Further qualitative examination of task-specific circuits demonstrates mechanistic clarity. In tasks such as closing string detection or counting list nesting depth, sparse circuits are shown to implement intuitive algorithms closely resembling human-understood procedures. These circuits consist of readily interpretable operations within attention layers and MLPs, validated through experimental ablations and observations.

Figure 4: A detailed schematic of a circuit within sparse models for closing string detection, illustrating interpretable node connections and their functional roles.

Bridges: Linking Sparse and Dense Models

Extending sparse training to understand dense models, the paper introduces bridge methods, which couple sparse model activations to dense model counterparts. This integration allows for indirect interpretability methods where sparse models serve as a stand-in to elucidate dense model computations, promising enhanced understanding of existing neural architectures.
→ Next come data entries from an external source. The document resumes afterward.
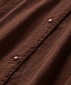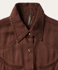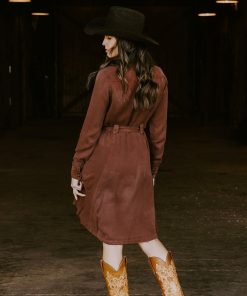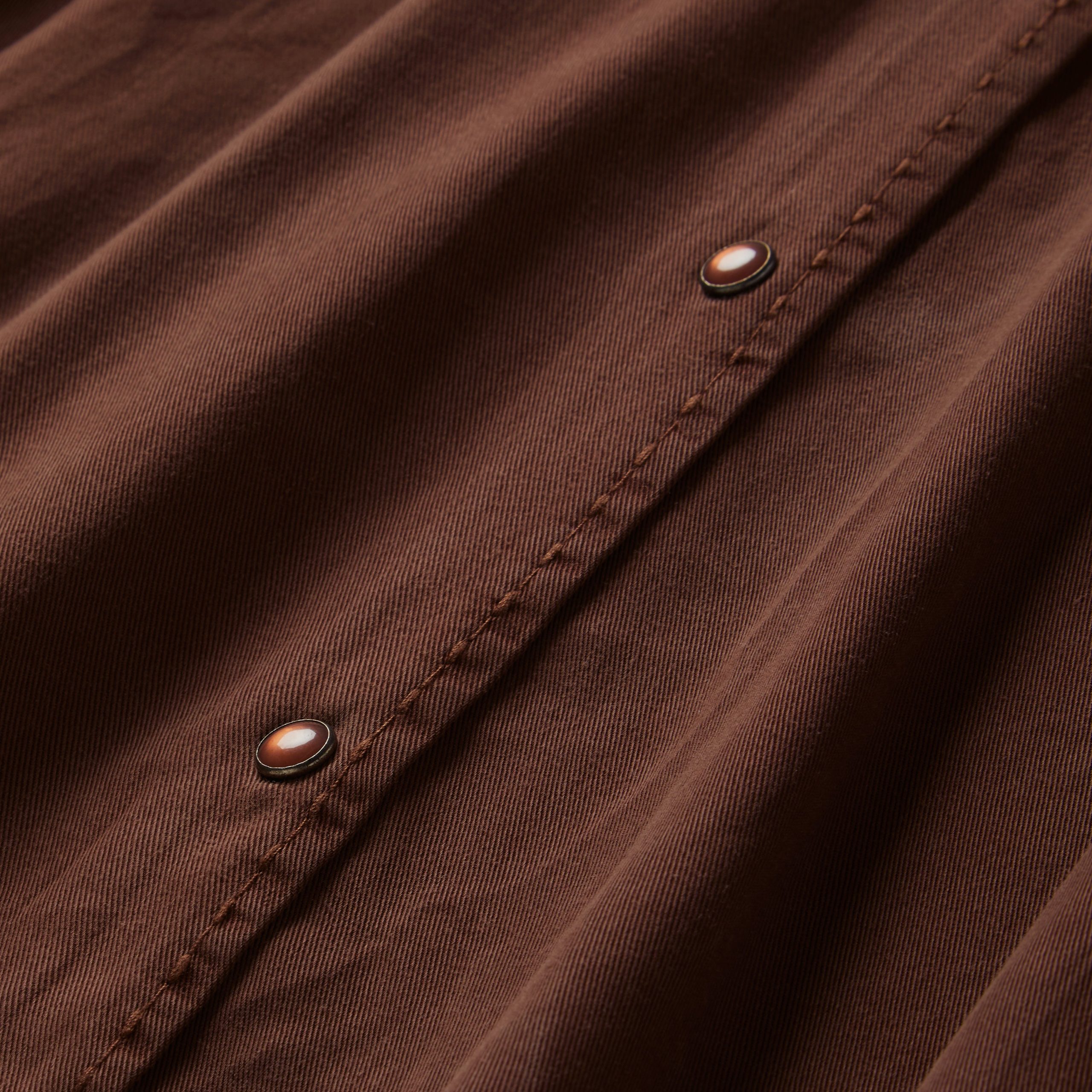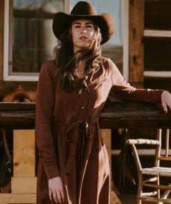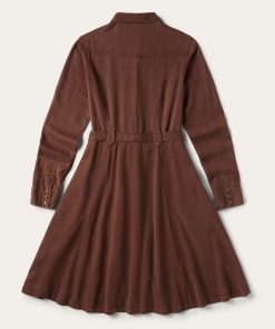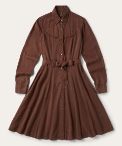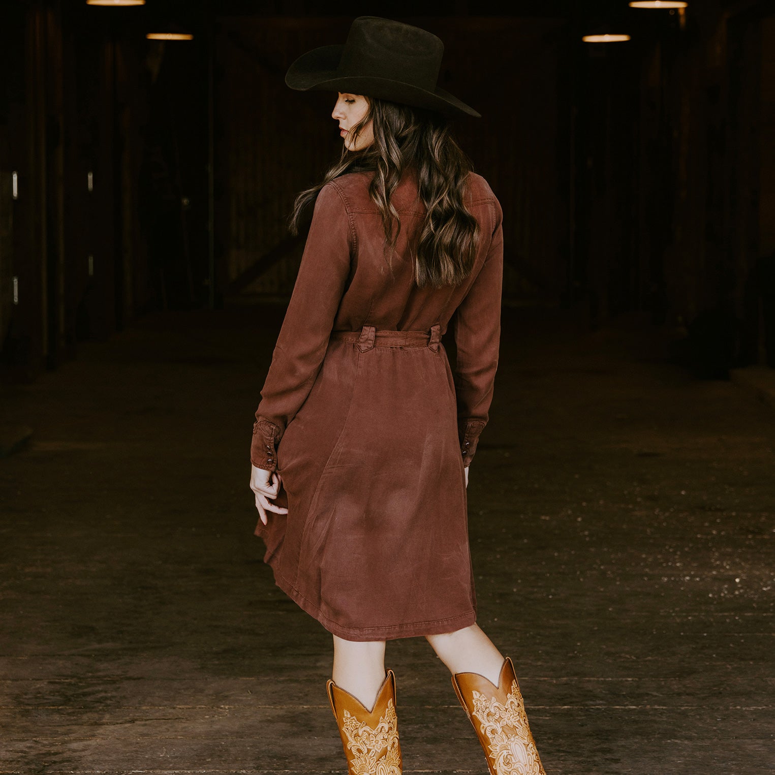With a rich tobacco color and authentic Western-inspired design, this long-sleeve, mid-length dress features one-point front and back yokes, a full-front snap placket, and curved snap cuffs. It has a self-tie belt with belt loops, two smile pockets and two two side seam pockets. Made from sustainable Tencel twill, it pairs equally well with a cowboy hat and boots as it does with a sun hat and sandals.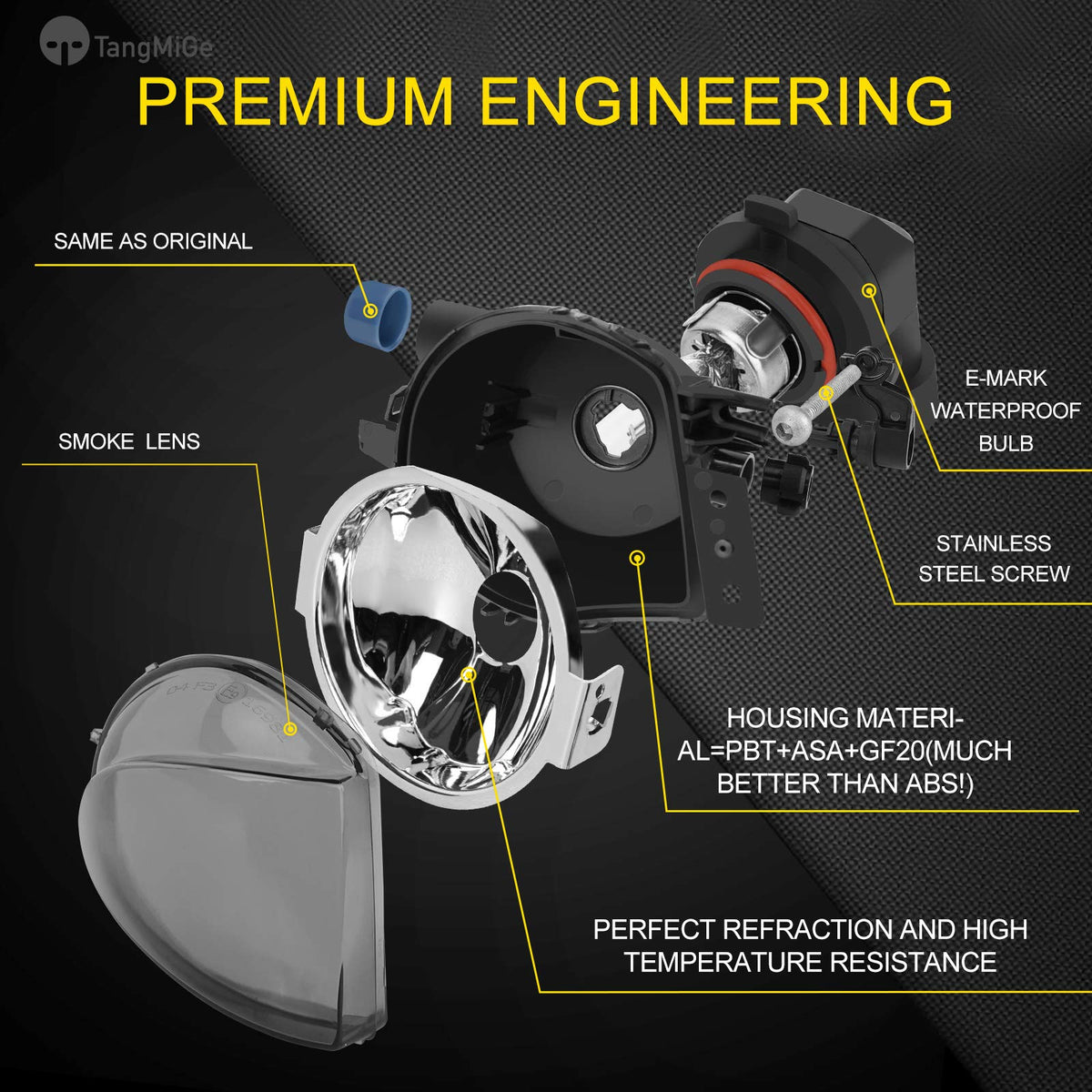Q: What materials are used in the construction of the fog lights?A: The TangMiGe Fog Lights are constructed using high-quality materials, including PBT+ASA+GF20, which is significantly better than traditional ABS. This durable construction helps prevent moisture and dust from entering the housing, ensuring longevity and reliability.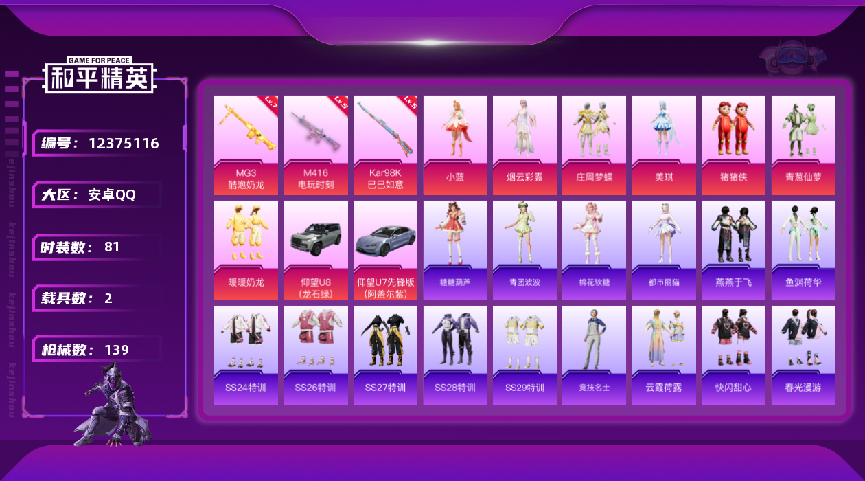[12375116]【商品标题】:安卓 手Q-8粉装-3特效枪-2载具-7粉色飞行器-46908热力值-5王牌印记-81套装-139枪皮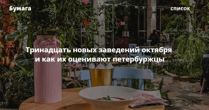 «Бумага» выбрала тринадцать заведений, открывшихся в Петербурге в октябре, и узнала, что о них говорят посетители, фуд-блогеры и сами владельцы.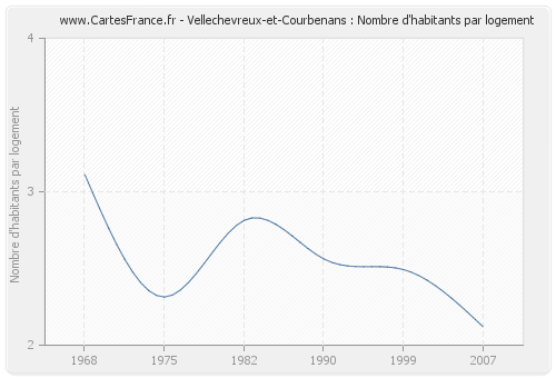 - Nombre d'habitants moyen par logement de Vellechevreux-et-Courbenans en 2007 : 2,12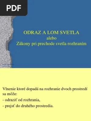 Odraz svetla (reflexia) lom svetla. Odraz svetla (reflexia) lom svetla. Lom svjetlosti na čaši vode. Snelliusov zakon se odnosi na dobro poznatu pojavu lomljenja svjetlosti (refrakcije) na granici dvaju sredstava. Index lomu vákua n vákuum = 1. Svetlo dopadá na rozhranie do bodu dopadu 0 … Index lomu vzduchu sa iba nepatrne odlišuje od indexu lomu vákua. Odraz svetla (reflexia) lom svetla.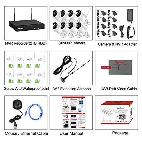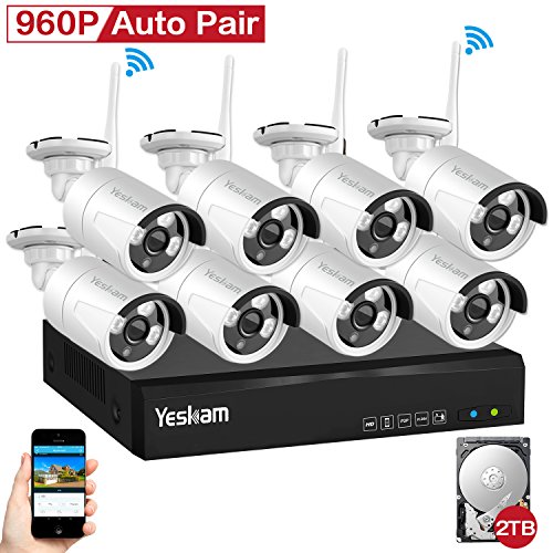 YESKAM Security Camera System Wireless 8 Channel 1.3MP WiFi CCTV Cameras Set Pre-installed 2TB HDD for Home Surveillance Built in Router Support Motion Detection Night Vision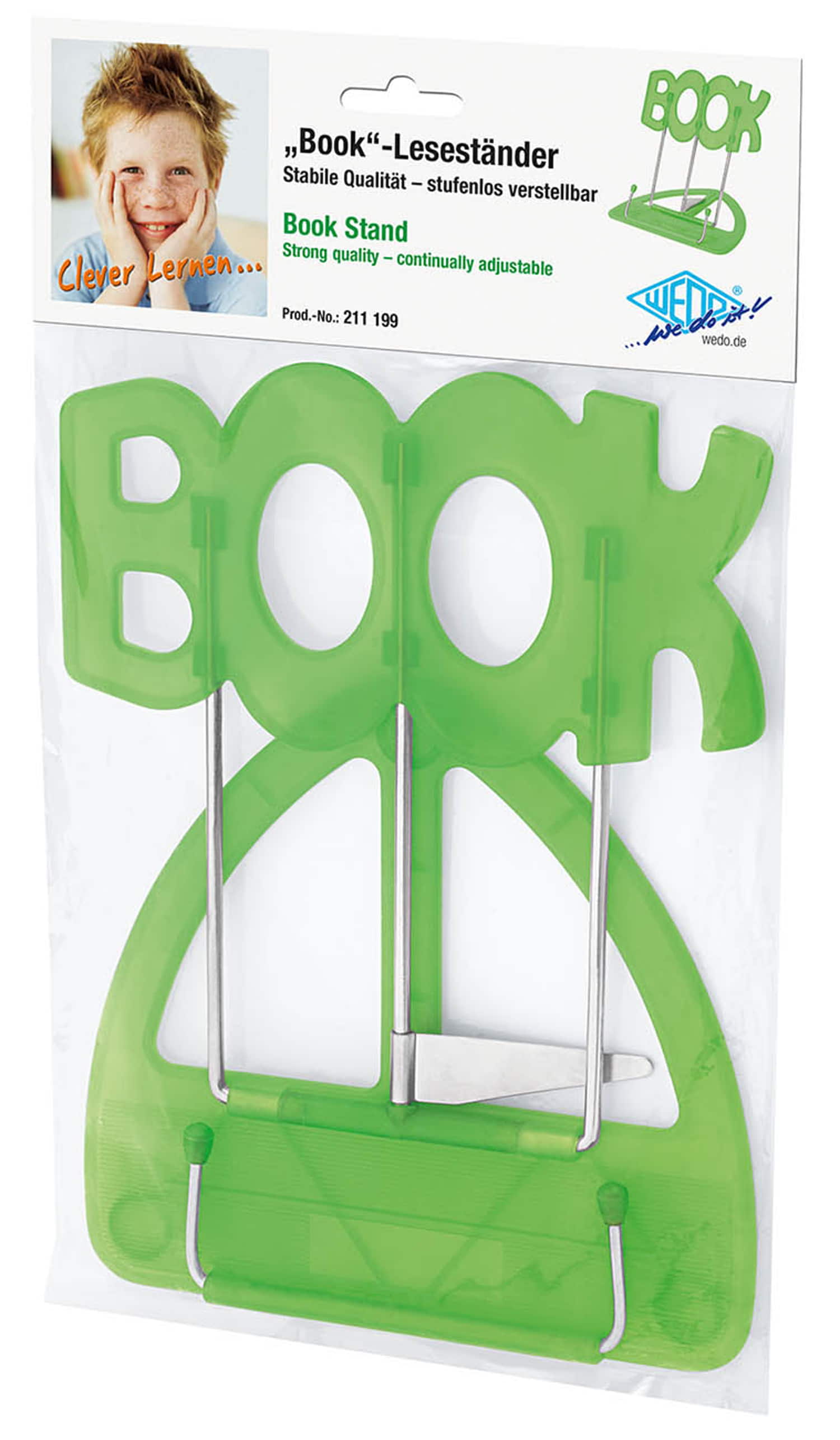 WEDO Leseständer BOOK, farbig sortiert. Der bewährte BOOK-Leseständer ist in drei neuen transluzenten Farben erhältlich. Gefertigt aus stabilem Kunststoff mit vernickelten Bügeln. Die Schräglage ist stufenlos verstellbar. Lieferung in SB-Verpackung mit Euroloch. Maße: ca. 23,5 x 17,5 x 1,0 cm (zusammengeklappt). Sortiert in 3 Farben (6x blau, 4x rot und 2x apfelgrün).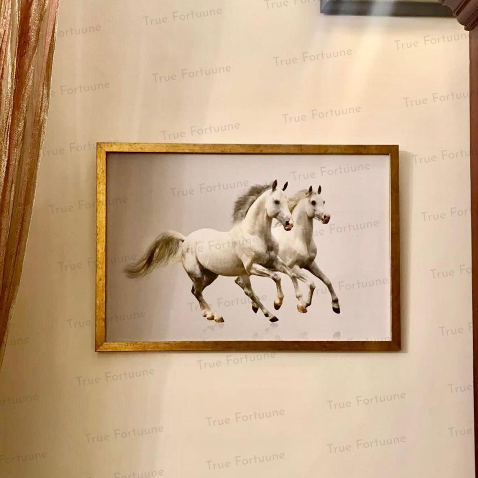 This painting holds great significance in Vastu Shastra and Feng Shui, symbolizing power and success for all family members. The white color represents purity, positivity, and good fortune, while horses embody strength, vitality, and courage. To maximize its benefits, place this painting on the south or east wall of your home or office.

Figure 5: Bridging techniques link sparse and dense models, facilitating interpretable perturbations across model architectures.

Conclusion

The development of weight-sparse transformers marks a substantive step in mechanistic interpretability, providing a structural approach to deciphering neural model computations. By simplifying model architecture and revealing compact circuit structures, the proposed methods advance our understanding and manipulation of LLMs. Future work is anticipated to address the inherent training inefficiencies of sparse models and explore scaling strategies that retain computational clarity, further enhancing interpretability without compromising performance.